Sunday, June 22, 2008

Black Juice

By Margo Lanagan.

This is an anthology of 10 fairly short stories, but it still took a while for me to read. Like dark chocolate, they're rich but I could only take one or two a day. Most involve dark moments, often juxtaposed with incongruously light elements: a young boy sings at his sister's execution, an assassin kills clowns in a world ruled by clowns, a woman at her grandmother's funeral lives in a world filled with pollution, an "angel" (with horns, red skin, and leathery wings) presides at a grandmother's death, a girl's love is spurned; others, like "Wooden Bride", "My Lord's Man", "Little Pippit" and "The Rite of Spring" were not so dark (unlike the Stravinsky ballet).
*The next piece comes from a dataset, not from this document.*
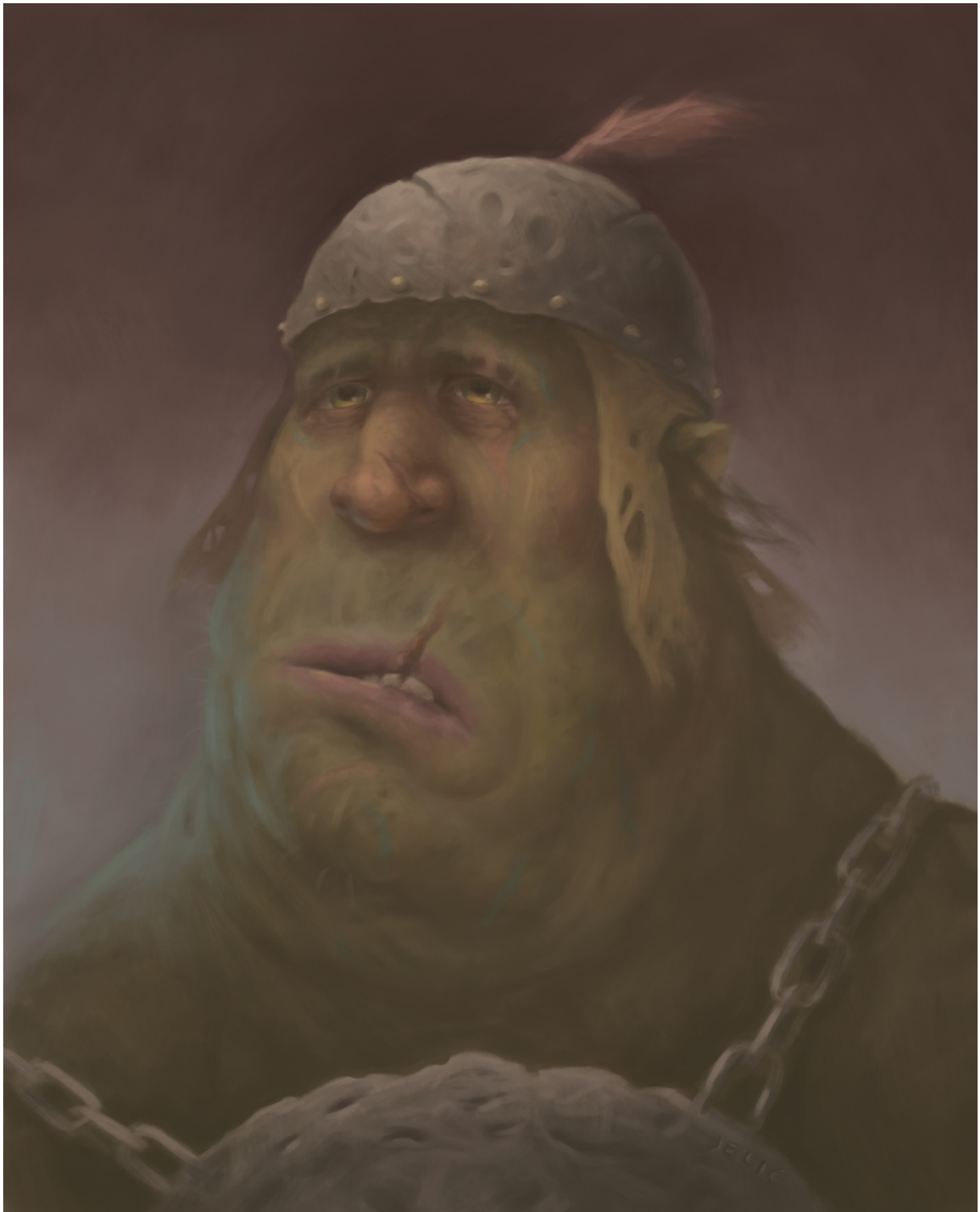
Slika 10. Lijenost

My favorite passage is in "My Lord's Man":

I wait to speak, until I know my voice will not shake with anger. "Mullord sees something in you," I finally say, "beyond your beauty and beyond your rage at the world. If he sees it, I believe it must be there."

[...]

"My lord sees something in me, you say. But does Berry see?" She's not jesting; she's asking me for a piece of myself, without telling me how she'll use it: whether she'll toss it away, and Berry with it, or hold it in her heart to fester and poison my life with.

"Why, I see the rage, as we all do. And I see the beauty, for no one could miss that either. [...] But the other thing—I cannot lie to you, Mistress. I do not see it."

We wait at the bottom of the path. The sun creaks a little higher at the edge of the world, and I can see the mistress's face composed, raised to the scrubby hillside, her beauty no less for the absence of its usual color, for the shadows exhaustion has painted around her eyes.

"I will tell you, Berry," she says, her voice broken to a croak, "I cannot see that other thing either."